Who Is Anatoliy Chepiga? 'Hero of Russian Federation' Unmasked as Real Suspect of U.K. Salisbury Spy Poisoning

Suspect in the Salisbury poisoning, Ruslan Boshirov, has been identified by the Bellingcat website as Anatoliy Chepiga. Metroplitan Police handout via REUTERS

The Kremlin has dismissed a report by an investigative website that said a suspect in the poisoning of a Russian spy was a decorated intelligence officer.

"Ruslan Boshirov" was identified by British investigators as one of the two suspects wanted for the novichok poisoning of Sergei Skripal and his daughter Yulia on March 4.

But the website Bellingcat said Boshirov was in fact Anatoliy Chepiga, and he was a colonel who was honored as a hero of the Russian Federation in 2014. It said that Chepiga was born in the Amur region near the Chinese border, was 39 years old and had trained at the elite Far-Eastern Military Command Academy in Blagoveschensk.

After graduating with honors, he served in the second Chechen war, as well as in the conflict in Ukraine.

The married father of one has received more than 20 military awards and, in December 2014, was given Russia's highest state award, Hero of the Russian Federation, which is personally bestowed upon a handful of people by the president.

The fact that there was no explanation as to why he received the award on his military school website suggested that the award was for a secret mission, according to Bellingcat.

Earlier this month, Chepiga told the Kremlin-funded channel RT that he was Ruslan Boshirov, a fitness instructor.

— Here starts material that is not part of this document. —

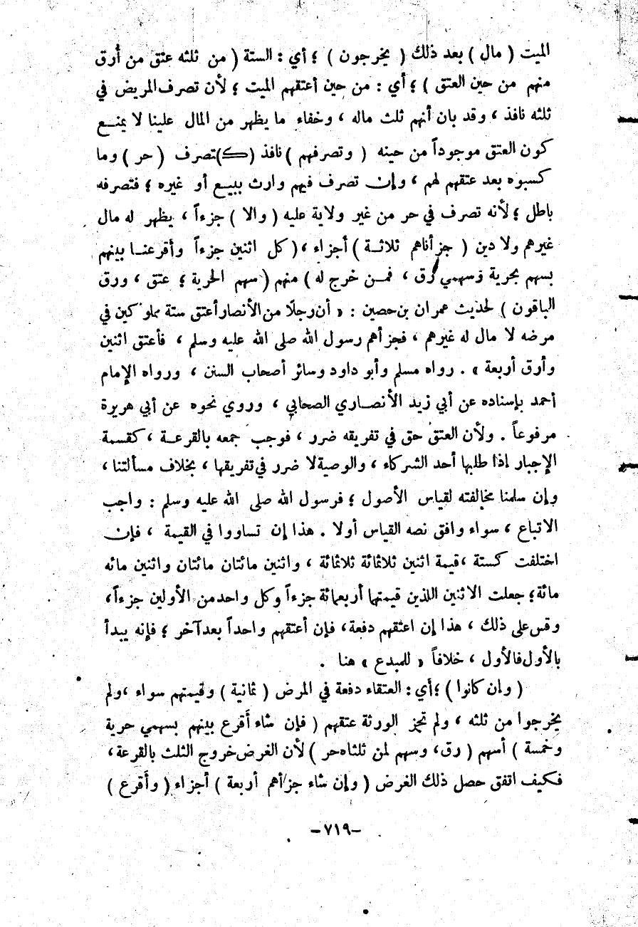 الْمَيِّتِ (مَالٌ) بَعْدَ ذَلِكَ (يَخْرُجُونَ) ؛ أَيْ: السِّتَّةُ (مِنْ ثُلُثِهِ عَتَقَ مَنْ أُرِقَّ مِنْهُمْ مِنْ حِينِ الْعِتْقِ) ؛ أَيْ: مِنْ حِينِ أَعْتَقَهُمْ الْمَيِّتُ؛ لِأَنَّ تَصَرُّفَ الْمَرِيضِ فِي ثُلُثِهِ نَافِذٌ، وَقَدْ بَانَ أَنَّهُمْ ثُلُثُ مَالِهِ، وَخَفَاءُ مَا يَظْهَرُ مِنْ الْمَالِ عَلَيْنَا لَا يَمْنَعُ كَوْنَ الْعِتْقِ مَوْجُودًا مِنْ حِينِهِ (وَتَصَرُّفُهُمْ) نَافِذٌ (كَ) تَصَرُّفِ (حُرٍّ) وَمَا كَسَبُوهُ بَعْدَ عِتْقِهِمْ لَهُمْ، وَإِنْ تَصَرَّفَ فِيهِمْ وَارِثٌ بِبَيْعٍ أَوْ غَيْرِهِ؛ فَتَصَرُّفُهُ بَاطِلٌ؛ لِأَنَّهُ تَصَرَّفَ فِي حُرٍّ مِنْ غَيْرِ وِلَايَةٍ عَلَيْهِ (وَإِلَّا) جُزْءًا، يَظْهَرُ لَهُ مَالٌ غَيْرِهِمْ وَلَا دَيْنَ (جَزَّأْنَاهُمْ ثَلَاثَةَ) أَجْزَاءٍ، (كُلُّ اثْنَيْنِ جُزْءًا وَأَقْرَعنَا بَيْنَهُمْ بِسَهْمٍ بِحُرِّيَّةٍ وَسَهْمَيْ رِقٍّ، فَمَنْ خَرَجَ لَهُ) مِنْهُمْ (سَهْمُ الْحُرِّيَّةِ؛ عَتَقَ، وَرَقَّ الْبَاقُونَ) لِحَدِيثِ عِمْرَانَ بْنِ حُصَيْنٍ: «أَنَّ رَجُلًا مِنْ الْأَنْصَارِ أَعْتَقَ سِتَّةً مَمْلُوكِينَ فِي مَرَضِهِ لَا مَالَ لَهُ غَيْرُهُمْ، فَجَزَّأَهُمْ رَسُولُ اللَّهِ - صَلَّى اللَّهُ عَلَيْهِ وَسَلَّمَ - فَأَعْتَقَ اثْنَيْنِ وَأَرَقَّ أَرْبَعَةً» . رَوَاهُ مُسْلِمٌ وَأَبُو دَاوُد وَسَائِرُ أَصْحَابِ السُّنَنِ، وَرَوَاهُ الْإِمَامُ أَحْمَدُ بِإِسْنَادِهِ عَنْ أَبِي زَيْدٍ الْأَنْصَارِيِّ الصَّحَابِيِّ، وَرُوِيَ نَحْوُهُ عَنْ أَبِي هُرَيْرَةَ مَرْفُوعًا.

He was interviewed with a man who claimed he was Alexander Petrov, and they said they had visited Salisbury to see its cathedral.

Both are wanted for the poisoning, which inadvertently killed Dawn Sturgess, a local woman. The pair is believed to have traveled to the U.K. on false passports.

Bellingcat said it had contacted a former Russian military officer, who said it was surprising that someone with as high a rank as colonel had carried out the Salisbury operation, as it would have normally been done by a field operative.

The fact that a colonel had been sent to a field job suggested it "was ordered at the highest level," the source said.

But Russia's foreign ministry spokeswoman, Maria Zakharova, dismissed the claims and wrote on Facebook: "There is no evidence so they continue this information campaign whose main goal is to distract attention from the main question, what happened in Salisbury?"

Meanwhile, the Russian pro-Kremlin newspaper Kosomolskaya Pravda disputed the timeline of events, citing an unnamed source in the Russian Ministry of Defense who also pointed out it was unlikely that such a highly trained officer would be sent to fight.

"The Academy prepares military diplomats and military attaches. After graduating from the conservatory, graduates do not go to war. Officers who graduated from the academy are high-value resources who would not be sent to work with the special forces and especially near the border with Ukraine," the newspaper said.